The first raid took place on 31 August 1943, by 45 Consolidated B-24 Liberators of the 376th US Bombardment Group. The target of this attack was the marshalling yard, but this was not hit; the raid was grossly inaccurate and most of the bombs fell all over the town, causing widespread damage and destruction, especially in the city centre. This was the deadliest air raid suffered by Pescara; civilian casualties in this attack have been estimated as 1,600 to 1,900.

The second major raid was carried out on 14 September 1943, six days after the Armistice of Cassibile, by 37 bombers of the 98th and 376th US Bombardment Group, again targeting the marshalling yard. This time 341 bombs were dropped, and the attack was fairly accurate, with most of them hitting the target; however, the railway station was crowded with passengers of several trains at the time of the raid, resulting in hundreds of civilian deaths (estimates range from 600 to 2,000). Bombs also fell on the northern districts around the marshalling yard.

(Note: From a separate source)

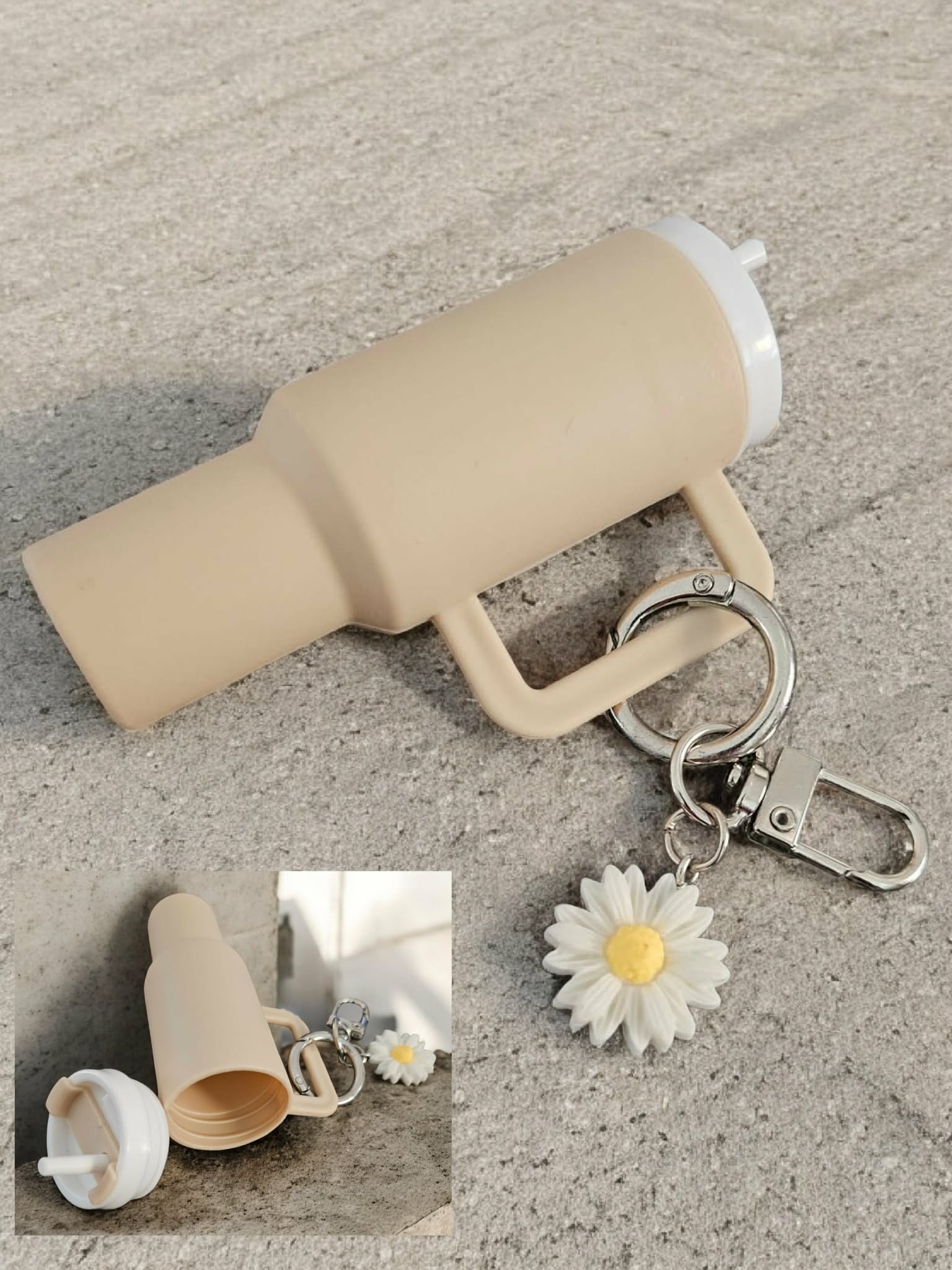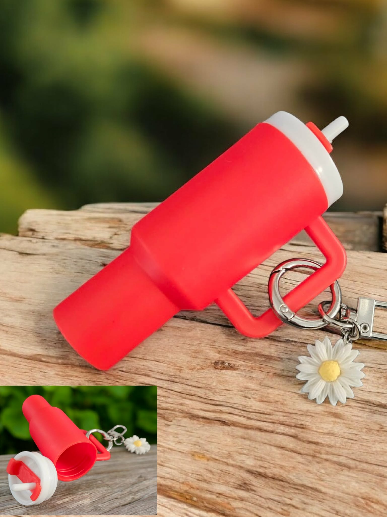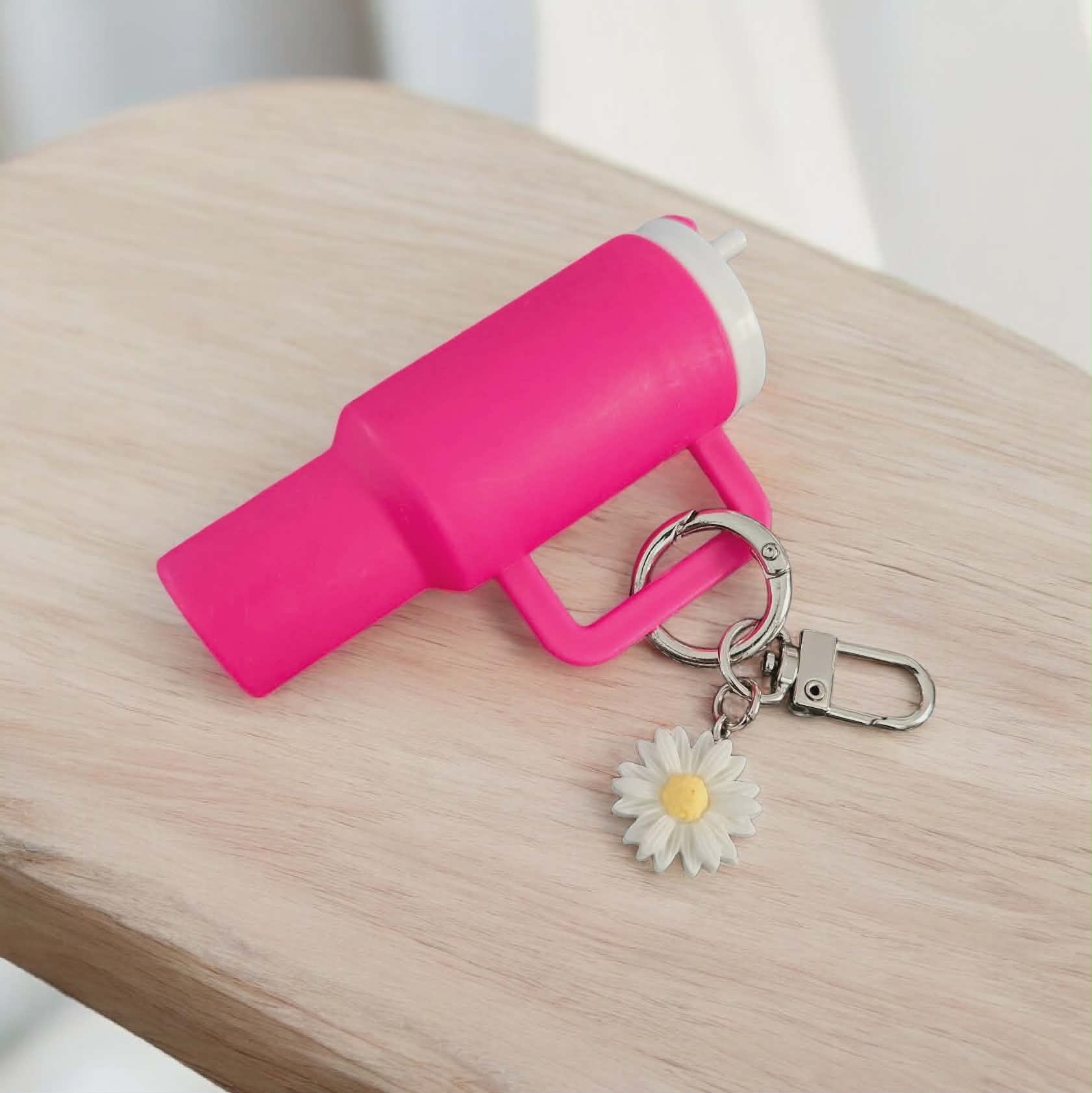 Tumbler keychain with white flower charm. Comes on a Silver keychain, with a Silver clasp attached to make it easy to attach to keys, purses, handbags. The lid on these beautiful keychains unscrews so that you are able to put your lip balm/ChapStick in there to keep it safe and always know where it is. Perfect gift for someone special.

After these two raids, about 80 % of the population of Pescara left the town, many of them fleeing to nearby Chieti, which had been declared an open city, and to Pianella. More air raids took place on 17, 18 and 20 September, 4 October, 7 and 8 December 1943 and 12 May 1944, but these caused few casualties, as the town had become almost deserted.

By the time the Allies entered Pescara, on 10 June 1944, 78 % of all buildings had been destroyed or damaged (1,265 buildings had been destroyed, 1,335 had been badly damaged, and 2,150 had been lightly damaged); of a population of 54,000 people, between 2,000 and 6,000 had been killed, and 12,000 were left homeless. The part of the town located north of the Pescara river was completely destroyed.